What is required: Below are records that contain pictures; transcribe the text exactly and omit the pictures.
=-=-=
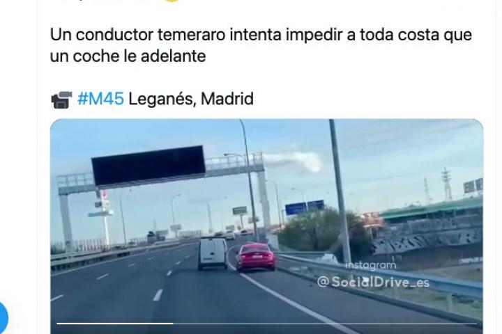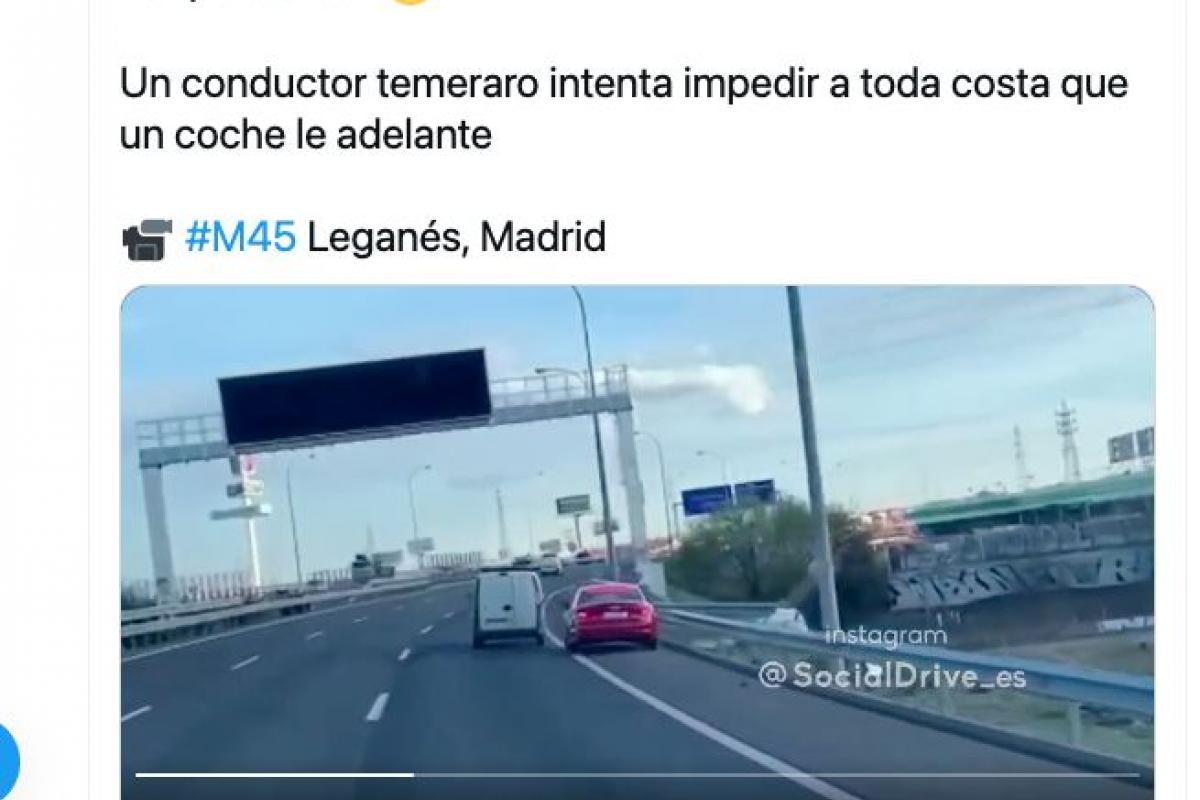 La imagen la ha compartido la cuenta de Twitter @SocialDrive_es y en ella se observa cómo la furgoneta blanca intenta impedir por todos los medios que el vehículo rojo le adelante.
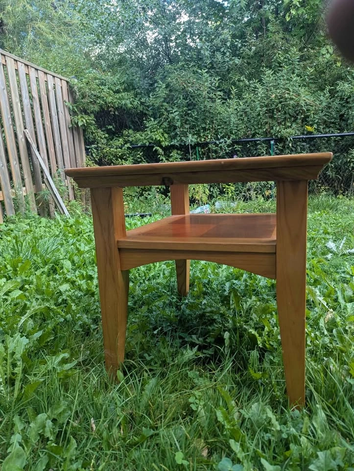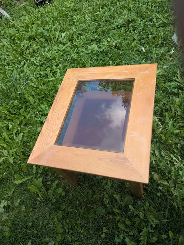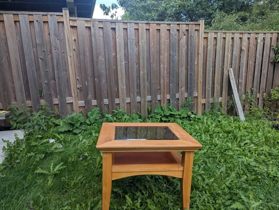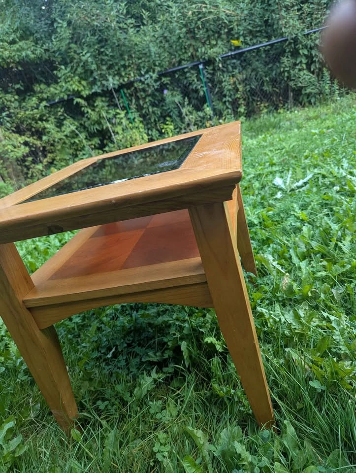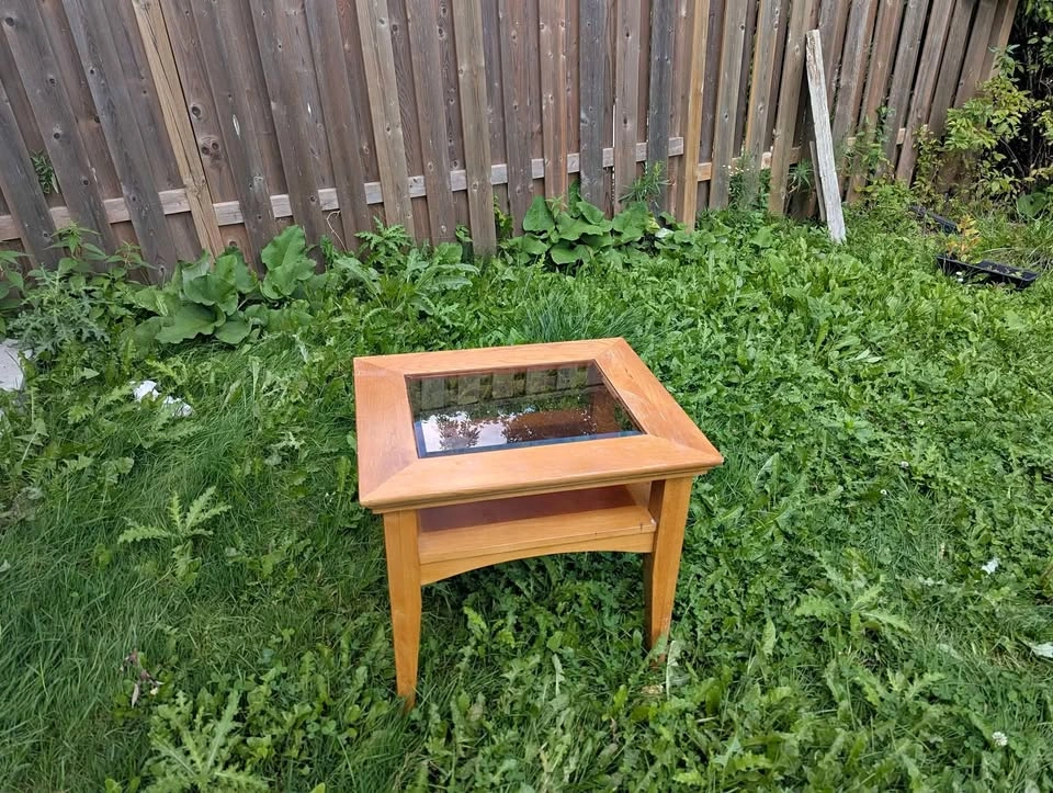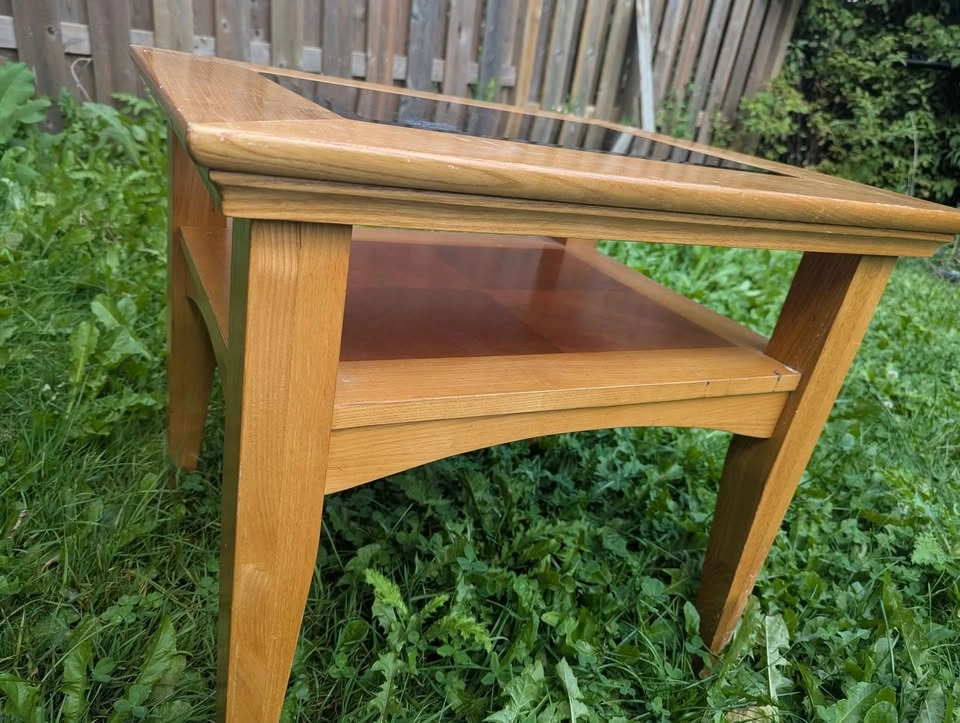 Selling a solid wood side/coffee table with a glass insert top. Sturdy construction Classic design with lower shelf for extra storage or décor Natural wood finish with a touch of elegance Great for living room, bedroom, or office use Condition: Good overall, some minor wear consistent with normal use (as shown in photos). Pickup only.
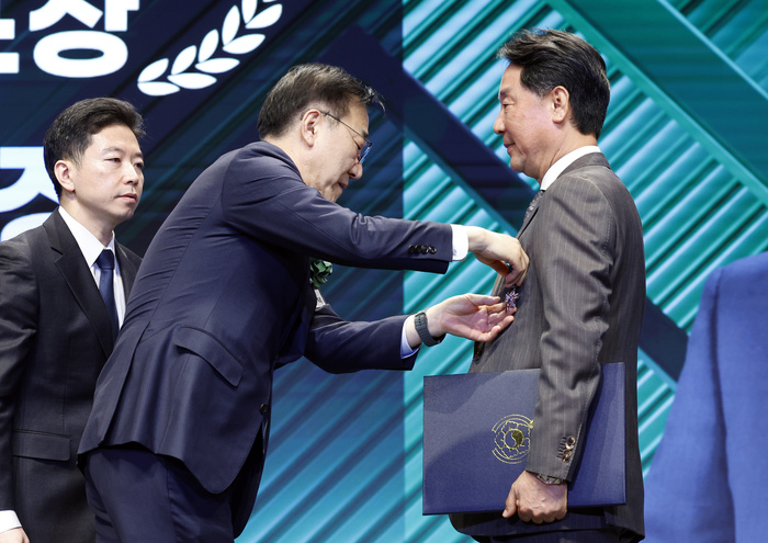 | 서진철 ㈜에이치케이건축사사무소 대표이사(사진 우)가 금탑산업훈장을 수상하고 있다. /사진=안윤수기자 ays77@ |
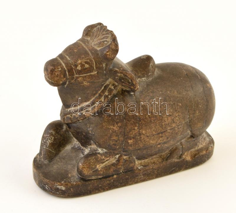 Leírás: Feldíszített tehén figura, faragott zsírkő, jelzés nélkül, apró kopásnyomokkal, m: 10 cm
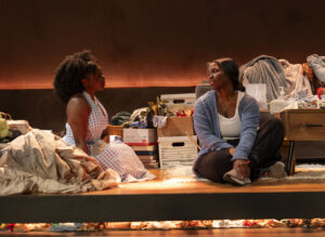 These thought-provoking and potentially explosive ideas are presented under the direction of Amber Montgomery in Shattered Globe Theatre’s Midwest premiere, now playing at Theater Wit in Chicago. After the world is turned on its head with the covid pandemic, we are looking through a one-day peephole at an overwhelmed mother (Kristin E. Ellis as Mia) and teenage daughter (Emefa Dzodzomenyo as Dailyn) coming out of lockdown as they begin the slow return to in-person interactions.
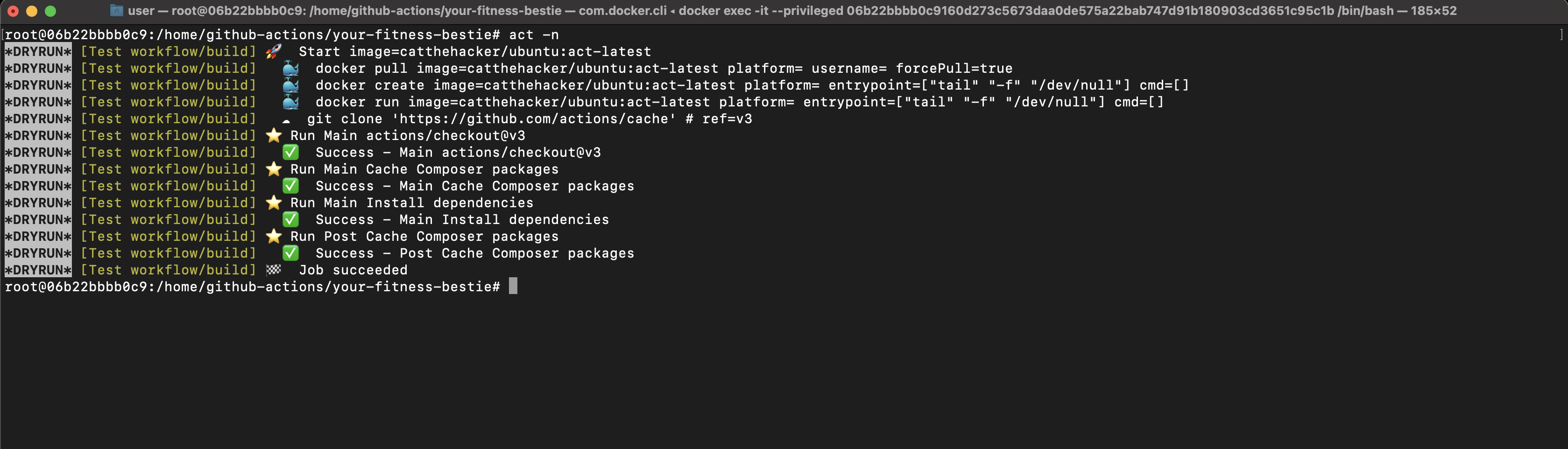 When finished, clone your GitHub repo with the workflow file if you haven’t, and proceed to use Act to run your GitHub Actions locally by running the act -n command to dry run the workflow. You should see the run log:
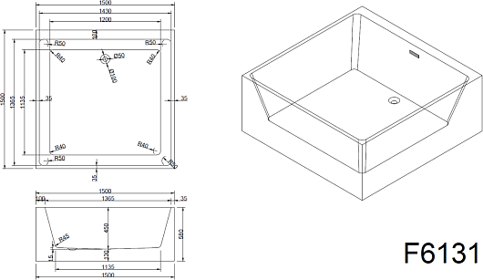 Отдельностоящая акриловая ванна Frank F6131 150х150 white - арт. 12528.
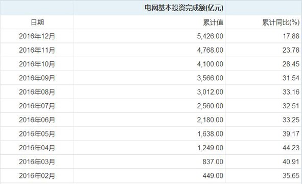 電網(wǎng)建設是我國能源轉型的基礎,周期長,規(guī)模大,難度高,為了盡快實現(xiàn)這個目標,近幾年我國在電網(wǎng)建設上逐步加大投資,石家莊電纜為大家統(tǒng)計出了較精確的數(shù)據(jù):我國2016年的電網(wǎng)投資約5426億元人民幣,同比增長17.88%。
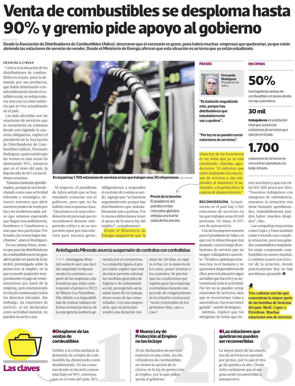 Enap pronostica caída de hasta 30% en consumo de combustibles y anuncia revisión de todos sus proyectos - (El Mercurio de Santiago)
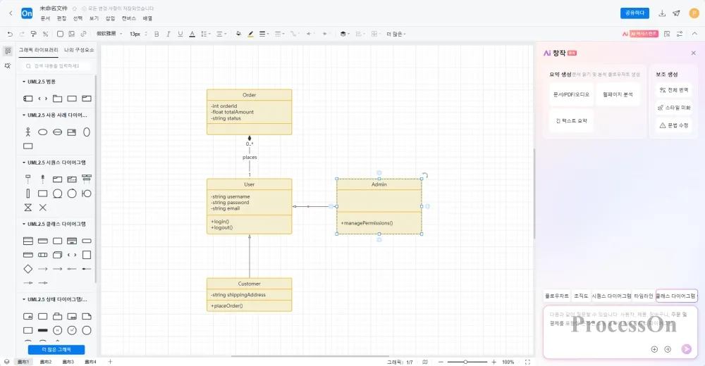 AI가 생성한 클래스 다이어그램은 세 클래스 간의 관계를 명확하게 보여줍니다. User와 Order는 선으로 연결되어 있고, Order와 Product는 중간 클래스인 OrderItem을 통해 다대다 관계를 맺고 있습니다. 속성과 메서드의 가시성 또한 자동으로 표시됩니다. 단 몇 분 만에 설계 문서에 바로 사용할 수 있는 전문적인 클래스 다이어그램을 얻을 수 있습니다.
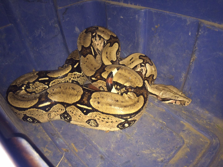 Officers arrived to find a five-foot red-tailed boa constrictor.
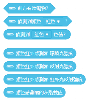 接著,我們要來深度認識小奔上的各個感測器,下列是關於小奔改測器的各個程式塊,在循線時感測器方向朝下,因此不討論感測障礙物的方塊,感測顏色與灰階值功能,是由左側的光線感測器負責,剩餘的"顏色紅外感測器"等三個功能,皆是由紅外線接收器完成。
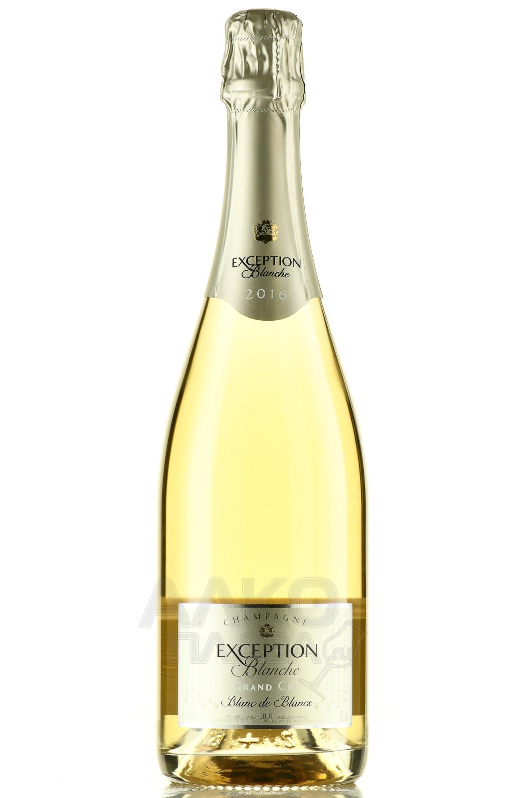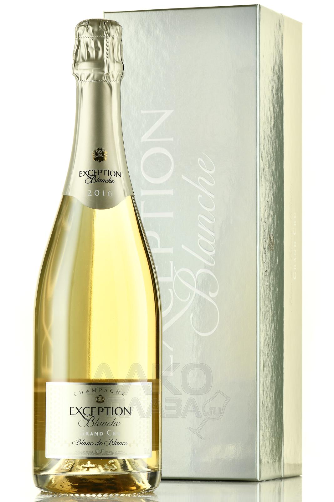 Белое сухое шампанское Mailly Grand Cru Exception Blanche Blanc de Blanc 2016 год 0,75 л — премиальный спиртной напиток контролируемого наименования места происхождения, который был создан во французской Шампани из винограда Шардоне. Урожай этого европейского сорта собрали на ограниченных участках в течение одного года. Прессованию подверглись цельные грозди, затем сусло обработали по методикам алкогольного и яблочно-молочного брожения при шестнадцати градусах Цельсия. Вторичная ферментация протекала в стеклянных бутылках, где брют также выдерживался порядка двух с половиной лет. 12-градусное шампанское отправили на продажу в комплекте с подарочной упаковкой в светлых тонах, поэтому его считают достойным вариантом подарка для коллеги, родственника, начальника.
=-=-=
Result:
 La imagen la ha compartido la cuenta de Twitter @SocialDrive_es y en ella se observa cómo la furgoneta blanca intenta impedir por todos los medios que el vehículo rojo le adelante.
 Selling a solid wood side/coffee table with a glass insert top. Sturdy construction Classic design with lower shelf for extra storage or décor Natural wood finish with a touch of elegance Great for living room, bedroom, or office use Condition: Good overall, some minor wear consistent with normal use (as shown in photos). Pickup only.
 | 서진철 ㈜에이치케이건축사사무소 대표이사(사진 우)가 금탑산업훈장을 수상하고 있다. /사진=안윤수기자 ays77@ |
 Leírás: Feldíszített tehén figura, faragott zsírkő, jelzés nélkül, apró kopásnyomokkal, m: 10 cm
 These thought-provoking and potentially explosive ideas are presented under the direction of Amber Montgomery in Shattered Globe Theatre’s Midwest premiere, now playing at Theater Wit in Chicago. After the world is turned on its head with the covid pandemic, we are looking through a one-day peephole at an overwhelmed mother (Kristin E. Ellis as Mia) and teenage daughter (Emefa Dzodzomenyo as Dailyn) coming out of lockdown as they begin the slow return to in-person interactions.
 When finished, clone your GitHub repo with the workflow file if you haven’t, and proceed to use Act to run your GitHub Actions locally by running the act -n command to dry run the workflow. You should see the run log:
 Отдельностоящая акриловая ванна Frank F6131 150х150 white - арт. 12528.
 電網(wǎng)建設是我國能源轉型的基礎,周期長,規(guī)模大,難度高,為了盡快實現(xiàn)這個目標,近幾年我國在電網(wǎng)建設上逐步加大投資,石家莊電纜為大家統(tǒng)計出了較精確的數(shù)據(jù):我國2016年的電網(wǎng)投資約5426億元人民幣,同比增長17.88%。
 Enap pronostica caída de hasta 30% en consumo de combustibles y anuncia revisión de todos sus proyectos - (El Mercurio de Santiago)
 AI가 생성한 클래스 다이어그램은 세 클래스 간의 관계를 명확하게 보여줍니다. User와 Order는 선으로 연결되어 있고, Order와 Product는 중간 클래스인 OrderItem을 통해 다대다 관계를 맺고 있습니다. 속성과 메서드의 가시성 또한 자동으로 표시됩니다. 단 몇 분 만에 설계 문서에 바로 사용할 수 있는 전문적인 클래스 다이어그램을 얻을 수 있습니다.
 Officers arrived to find a five-foot red-tailed boa constrictor.
 接著,我們要來深度認識小奔上的各個感測器,下列是關於小奔改測器的各個程式塊,在循線時感測器方向朝下,因此不討論感測障礙物的方塊,感測顏色與灰階值功能,是由左側的光線感測器負責,剩餘的"顏色紅外感測器"等三個功能,皆是由紅外線接收器完成。
 Белое сухое шампанское Mailly Grand Cru Exception Blanche Blanc de Blanc 2016 год 0,75 л — премиальный спиртной напиток контролируемого наименования места происхождения, который был создан во французской Шампани из винограда Шардоне. Урожай этого европейского сорта собрали на ограниченных участках в течение одного года. Прессованию подверглись цельные грозди, затем сусло обработали по методикам алкогольного и яблочно-молочного брожения при шестнадцати градусах Цельсия. Вторичная ферментация протекала в стеклянных бутылках, где брют также выдерживался порядка двух с половиной лет. 12-градусное шампанское отправили на продажу в комплекте с подарочной упаковкой в светлых тонах, поэтому его считают достойным вариантом подарка для коллеги, родственника, начальника.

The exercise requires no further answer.